Assignment. A precise copy of the data is required, with every picture left out.

*** Opening of Dataset ***

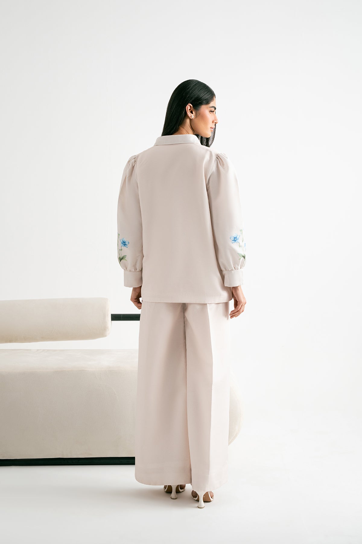 Rendered in soft blush poli lawn, this co-ord set blends elegance with ease. The relaxed-fit shirt features subtle gathers on the sleeves and crisp cuffs, while delicate floral prints in shades of blue add a refreshing touch on both the sleeves and wide-leg trousers. A versatile ensemble that feels both serene and statement-worthy
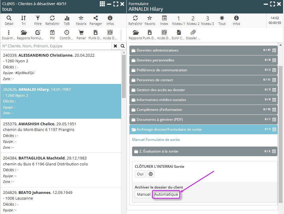 Archivage en un clic : Avec cette fonctionnalité, un utilisateur peut archiver un client inactif en un seul clic. Cela inclut la fermeture des objets liés au client (mandats, actes, PAV, médicaments, etc.), la mise à jour des évaluations de sortie et l’archivage final du dossier.
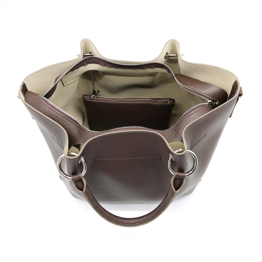 BEATRICE è un'ottima scelta per chi cerca un tocco di eleganza e funzionalità. Tutta in vera pelle martellata con interno scamosciato, ha due manici e anelli dorati. Questa borsa di ampie dimensioni è accessoriata con chiusura a zip superiore, una pochette in pelle estraibile e una tracolla sganciabile, offrendo versatilità e praticità. L'accessorio perfetto per ogni occasione.
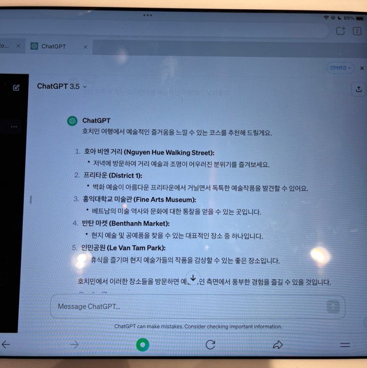 챗 지피티( chatGPT 3.5 )로 호치민 여행 계획짜기
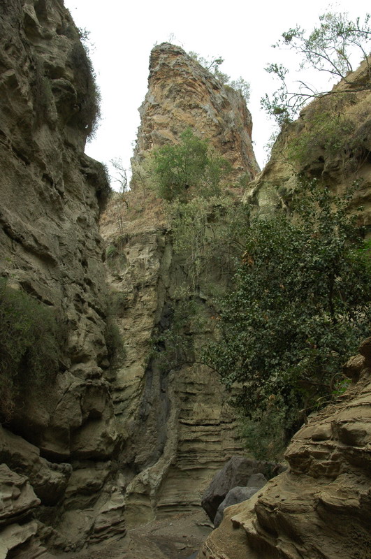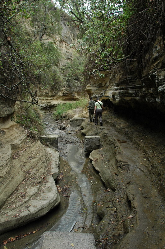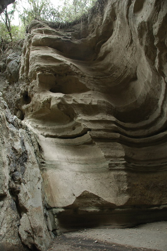 The end of the hike up this branch - a dry waterfall - but you can tell how much water once flowed by the wear on the rock face.
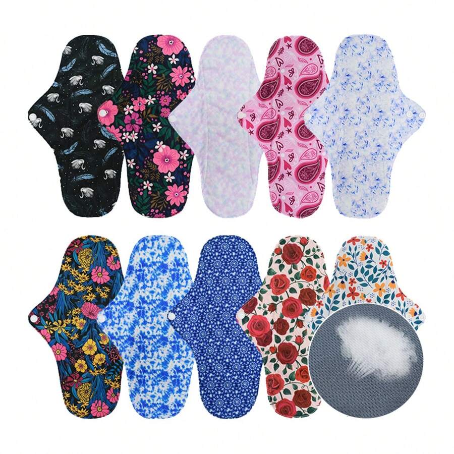 • Reusable Menstrual Pads, Washable Overnight Cloth Panty Liners, 10-Piece Bamboo Cloth Large Sanitary Pads For Heavy Flow, - Multicolor - View 2
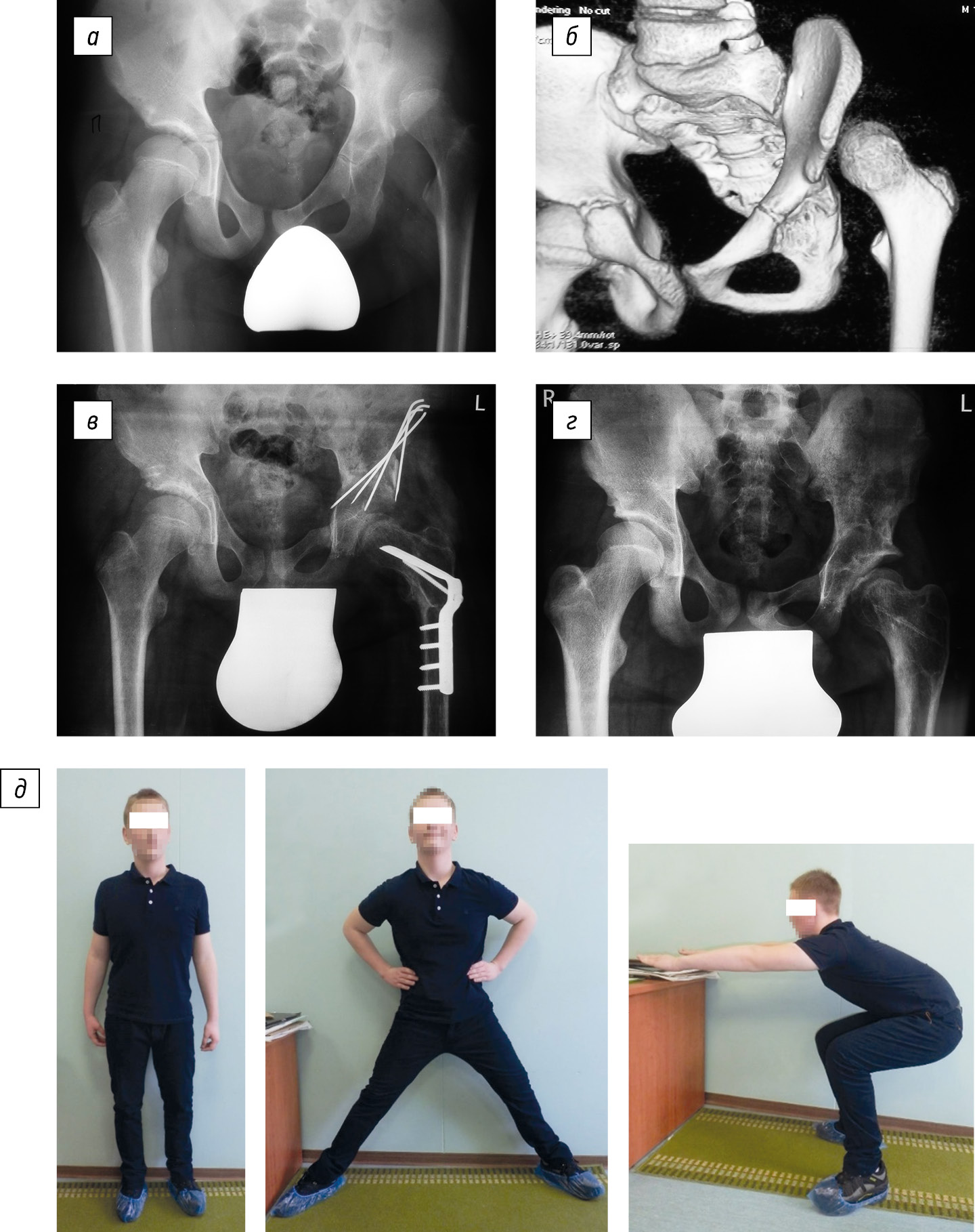 Fig. 3. Patient S. with high congenital dislocation of the left femur at the stages of treatment: a, radiograph at the age of 7 years before treatment revealed iliac dislocation of the left femur, the femoral head is located at the level of the iliac wing, and the discontinuity of the Shenton line is 5 cm; b, radiograph immediately after the staged treatment with the restoration of ratios in the left hip joint; c, X-ray result of treatment at the age of 15 years: grade IA according to the Severin classification; d, functional result of treatment (age 15 years): group “excellent” according to McKay’s criteria
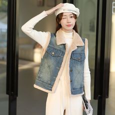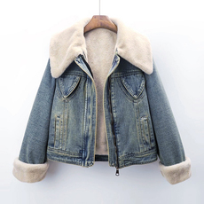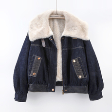 2025冬季新款韩系仿水貂毛加厚加绒牛仔外套女短款小个子上衣夹克
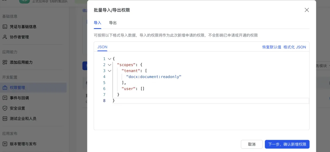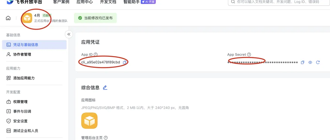 (这个时候,你的飞书文档已经和应用关联起来,也就是以后有第一步的应用)
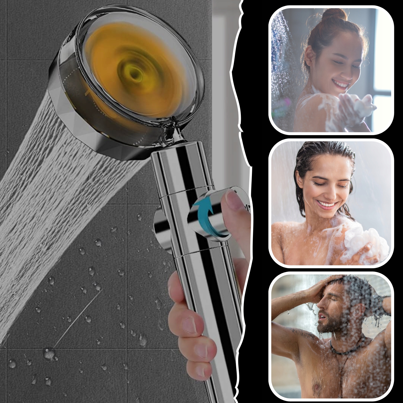 В нашей душевой лейке используется инновационная турбинная технология с вентилятором, которая увеличивает скорость потока воды без необходимости повышать давление в установке. Благодаря этому вы сможете насладиться сильной и равномерной струей воды, обеспечивающей глубокое очищение и расслабляющий массаж.
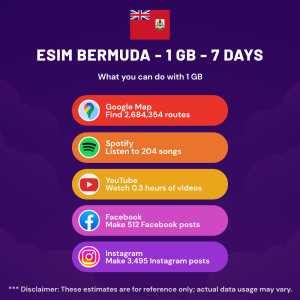Hello, Globetrotter! 🚀 Gearing up for a journey to the world’s hidden gem, Bermuda? Let our 1 GB – 7 Days eSIM be your reliable digital ally, ensuring you remain connected at every step!
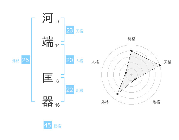 河端 匡器さんの総格は45画の4点!
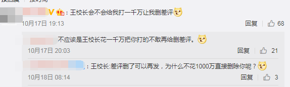 还有网友扬言要校长尝尝收到差评的滋味,这就好比要给一个生活在城堡里的王子一顿社会的毒打?

*** Close of Dataset ***

Answer to this exercise.
 Rendered in soft blush poli lawn, this co-ord set blends elegance with ease. The relaxed-fit shirt features subtle gathers on the sleeves and crisp cuffs, while delicate floral prints in shades of blue add a refreshing touch on both the sleeves and wide-leg trousers. A versatile ensemble that feels both serene and statement-worthy
 Archivage en un clic : Avec cette fonctionnalité, un utilisateur peut archiver un client inactif en un seul clic. Cela inclut la fermeture des objets liés au client (mandats, actes, PAV, médicaments, etc.), la mise à jour des évaluations de sortie et l’archivage final du dossier.
 BEATRICE è un'ottima scelta per chi cerca un tocco di eleganza e funzionalità. Tutta in vera pelle martellata con interno scamosciato, ha due manici e anelli dorati. Questa borsa di ampie dimensioni è accessoriata con chiusura a zip superiore, una pochette in pelle estraibile e una tracolla sganciabile, offrendo versatilità e praticità. L'accessorio perfetto per ogni occasione.
 챗 지피티( chatGPT 3.5 )로 호치민 여행 계획짜기
 The end of the hike up this branch - a dry waterfall - but you can tell how much water once flowed by the wear on the rock face.
 • Reusable Menstrual Pads, Washable Overnight Cloth Panty Liners, 10-Piece Bamboo Cloth Large Sanitary Pads For Heavy Flow, - Multicolor - View 2
 Fig. 3. Patient S. with high congenital dislocation of the left femur at the stages of treatment: a, radiograph at the age of 7 years before treatment revealed iliac dislocation of the left femur, the femoral head is located at the level of the iliac wing, and the discontinuity of the Shenton line is 5 cm; b, radiograph immediately after the staged treatment with the restoration of ratios in the left hip joint; c, X-ray result of treatment at the age of 15 years: grade IA according to the Severin classification; d, functional result of treatment (age 15 years): group “excellent” according to McKay’s criteria
 2025冬季新款韩系仿水貂毛加厚加绒牛仔外套女短款小个子上衣夹克
 (这个时候,你的飞书文档已经和应用关联起来,也就是以后有第一步的应用)
 В нашей душевой лейке используется инновационная турбинная технология с вентилятором, которая увеличивает скорость потока воды без необходимости повышать давление в установке. Благодаря этому вы сможете насладиться сильной и равномерной струей воды, обеспечивающей глубокое очищение и расслабляющий массаж.
Hello, Globetrotter! 🚀 Gearing up for a journey to the world’s hidden gem, Bermuda? Let our 1 GB – 7 Days eSIM be your reliable digital ally, ensuring you remain connected at every step!
 河端 匡器さんの総格は45画の4点!
 还有网友扬言要校长尝尝收到差评的滋味,这就好比要给一个生活在城堡里的王子一顿社会的毒打?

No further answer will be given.